* _WHAT IS NEEDED_
What is needed is an exact copy of every entry, without the pictures.

━━━━━ DATA FOR ANALYSIS ━━━━━

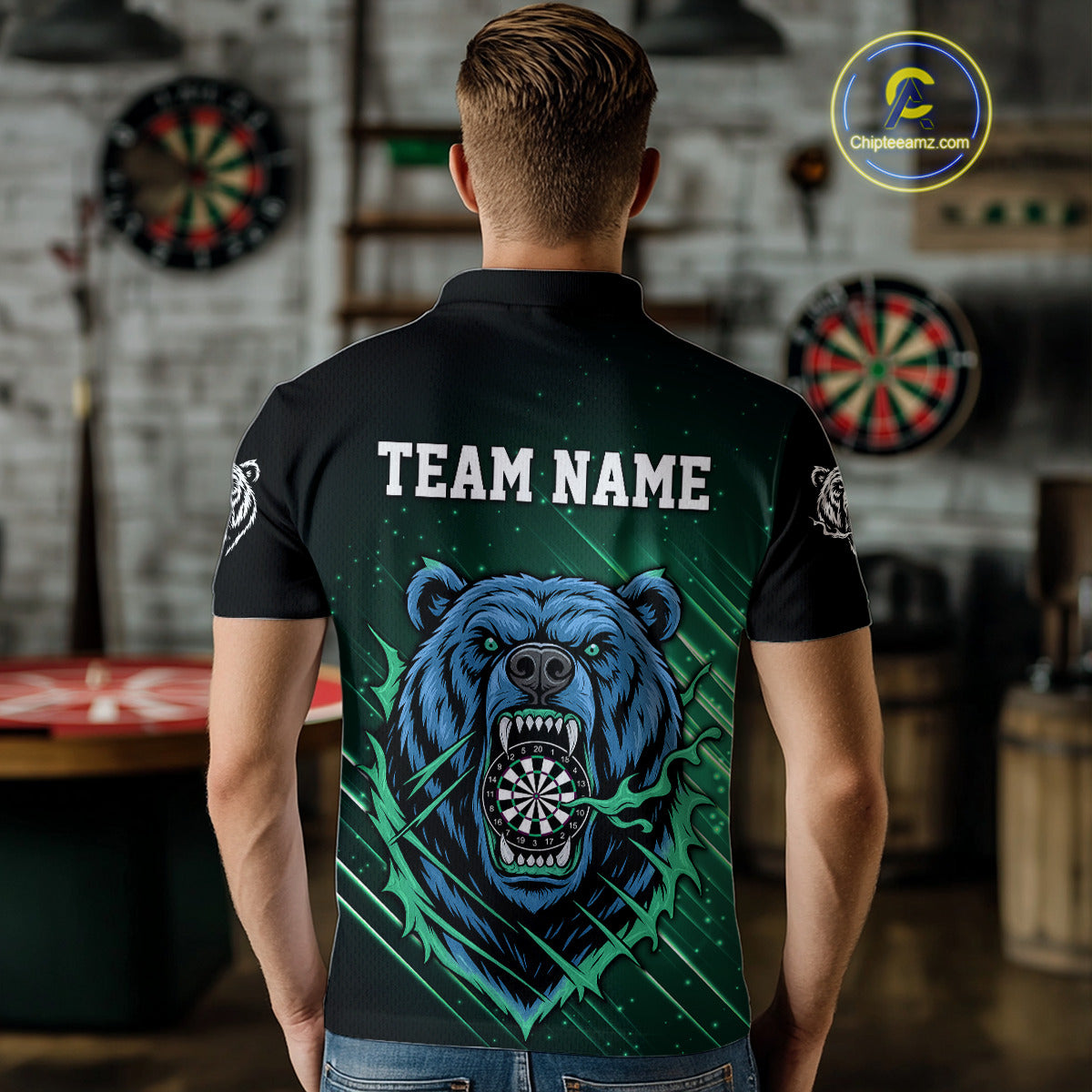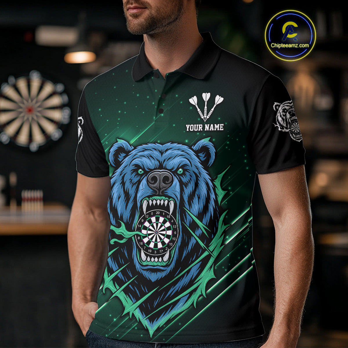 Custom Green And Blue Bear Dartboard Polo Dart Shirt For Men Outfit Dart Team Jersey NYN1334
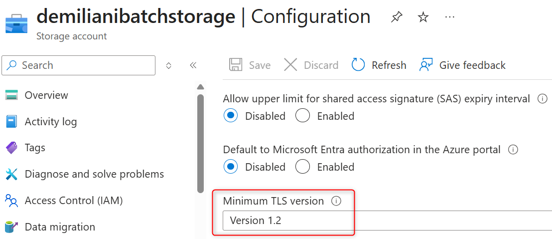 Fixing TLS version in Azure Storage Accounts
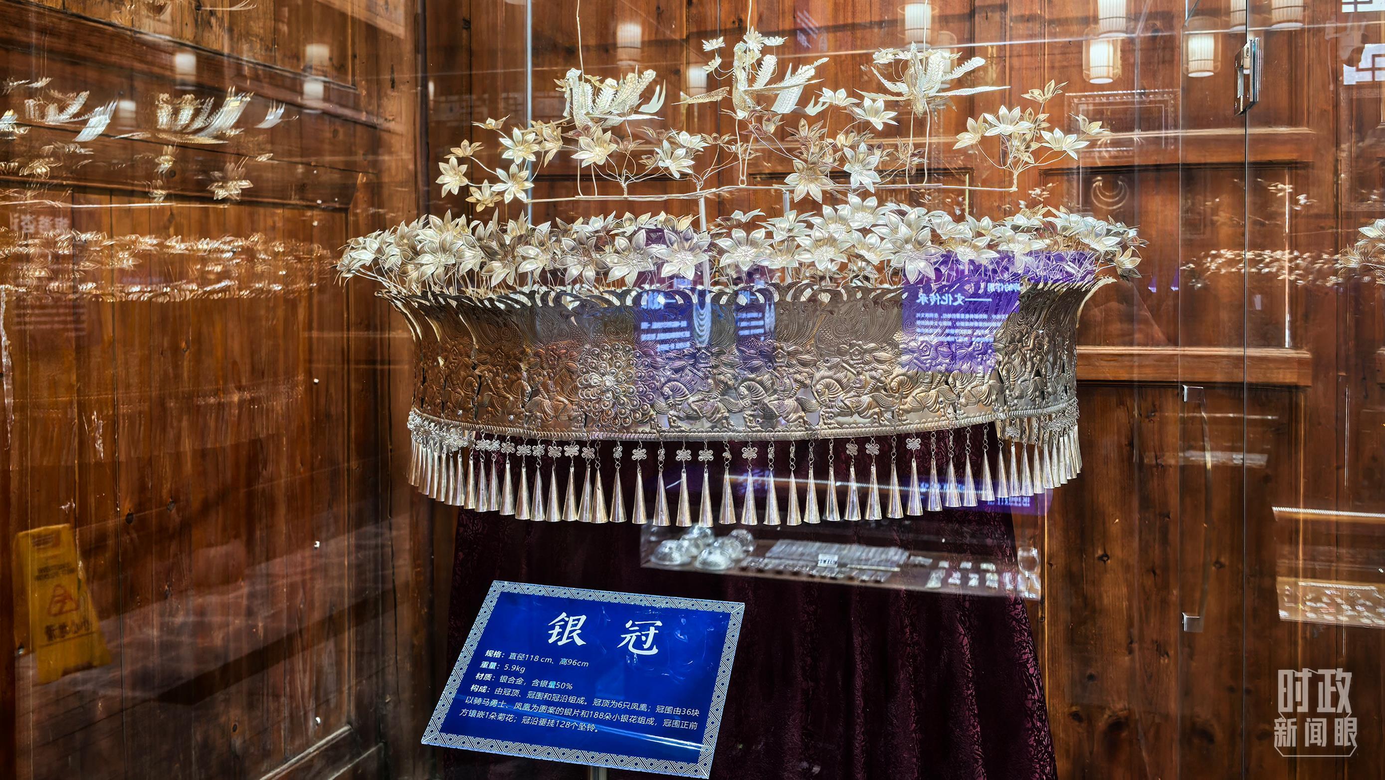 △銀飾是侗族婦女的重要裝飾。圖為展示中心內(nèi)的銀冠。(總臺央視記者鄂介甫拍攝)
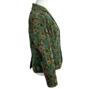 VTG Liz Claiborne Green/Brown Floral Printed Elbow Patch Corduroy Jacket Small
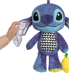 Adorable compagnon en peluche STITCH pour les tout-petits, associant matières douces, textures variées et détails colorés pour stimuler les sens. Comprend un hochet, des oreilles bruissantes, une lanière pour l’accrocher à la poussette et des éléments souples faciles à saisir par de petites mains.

━━━━━

* _EXERCISE ANSWER_
 Custom Green And Blue Bear Dartboard Polo Dart Shirt For Men Outfit Dart Team Jersey NYN1334
 Fixing TLS version in Azure Storage Accounts
 △銀飾是侗族婦女的重要裝飾。圖為展示中心內(nèi)的銀冠。(總臺央視記者鄂介甫拍攝)
 VTG Liz Claiborne Green/Brown Floral Printed Elbow Patch Corduroy Jacket Small
 Adorable compagnon en peluche STITCH pour les tout-petits, associant matières douces, textures variées et détails colorés pour stimuler les sens. Comprend un hochet, des oreilles bruissantes, une lanière pour l’accrocher à la poussette et des éléments souples faciles à saisir par de petites mains.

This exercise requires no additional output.